Defendant [appellant] was charged, in a two-count indictment, of violation of the Miller Act (taking indecent liberties with a child), 1 and carnal knowledge. 2 *632 The trial judge found the evidence insufficient to support the charge of carnal knowledge and instructed the jury that, on the second count, it could find the defendant guilty only of the crime of assault with intent to commit carnal knowledge. Defendant was found guilty on the Miller Act charge, and, as well, guilty of assault with intent to commit carnal knowledge. He was given concurrent sentences within the penalties prescribed for the two offenses of which he was convicted. He appeals.

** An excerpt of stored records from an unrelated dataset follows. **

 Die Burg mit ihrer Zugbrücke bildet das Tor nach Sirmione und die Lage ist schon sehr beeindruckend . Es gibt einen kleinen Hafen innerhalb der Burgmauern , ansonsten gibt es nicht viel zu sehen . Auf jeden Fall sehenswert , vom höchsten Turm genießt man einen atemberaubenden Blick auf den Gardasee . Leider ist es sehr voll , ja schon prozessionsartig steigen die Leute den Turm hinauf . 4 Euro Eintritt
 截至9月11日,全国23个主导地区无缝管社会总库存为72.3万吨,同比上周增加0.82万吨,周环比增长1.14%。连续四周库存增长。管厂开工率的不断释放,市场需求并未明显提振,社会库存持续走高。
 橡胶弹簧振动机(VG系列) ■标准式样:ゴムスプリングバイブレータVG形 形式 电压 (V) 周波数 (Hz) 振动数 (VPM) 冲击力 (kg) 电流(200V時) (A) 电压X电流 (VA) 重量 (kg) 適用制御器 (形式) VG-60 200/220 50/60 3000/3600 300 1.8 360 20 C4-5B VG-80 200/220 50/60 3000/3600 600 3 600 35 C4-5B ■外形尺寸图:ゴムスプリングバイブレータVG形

At the opening of the trial in the District Court, defendant’s counsel announced that the defenses would be, first, that no crime was committed by the defendant, and secondly, that, if the defendant did commit the crime, he was not guilty by reason of insanity. The trial judge called counsel to the bench and stated that defense counsel would have to take one position or the other in view of the fact that the two defenses were inconsistent. This was erroneous for two reasons: (1) There is no logical inconsistency between the two defenses; they come to this, that the defendant did not do the acts charged, and that he would not be responsible for them if he did them. (2) In any: event, the Government does not seriously contend, and it cannot, that inconsistent defenses may not be interposed in a criminal case. Cf. Goforth v. United States, 1959,
Other matters have been assigned as error, most of which may not arise upon retrial; however, we think that since one of the situations complained of is likely to recur on retrial it is proper to discuss it.

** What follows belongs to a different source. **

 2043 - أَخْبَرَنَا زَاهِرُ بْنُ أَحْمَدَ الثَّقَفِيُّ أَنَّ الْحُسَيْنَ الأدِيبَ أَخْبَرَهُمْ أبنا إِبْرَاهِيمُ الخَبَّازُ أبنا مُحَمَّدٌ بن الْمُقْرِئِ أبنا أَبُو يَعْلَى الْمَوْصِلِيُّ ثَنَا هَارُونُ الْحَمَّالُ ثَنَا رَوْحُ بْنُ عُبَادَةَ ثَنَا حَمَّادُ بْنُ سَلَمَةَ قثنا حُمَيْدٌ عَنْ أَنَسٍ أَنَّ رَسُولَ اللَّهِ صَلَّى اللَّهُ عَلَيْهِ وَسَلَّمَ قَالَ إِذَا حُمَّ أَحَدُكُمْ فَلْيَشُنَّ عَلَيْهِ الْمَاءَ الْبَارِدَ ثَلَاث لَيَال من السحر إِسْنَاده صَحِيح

As above stated, the indictment charged the defendant with violation of the Miller Act in the first count, and with carnal knowledge, in the second count. At the close of the Government’s case, the court granted a partial judgment of not guilty under the second count, stating there was no evidence to support the carnal knowledge charge, but submitted to the jury the lesser included offense of assault with intent to commit carnal knowledge. We think this was correct.
We believe, however, that under authority of Younger v. United States,
The Government urges that, in view of the fact that the court imposed concurrent sentences and that the punishment imposed was not in excess of that permissible under either count, we should not remand the case but merely vacate and set aside the sentence under the Miller Act count. We think, however, that the practice set forth in Younger should have been followed and, on retrial, such should be the procedure.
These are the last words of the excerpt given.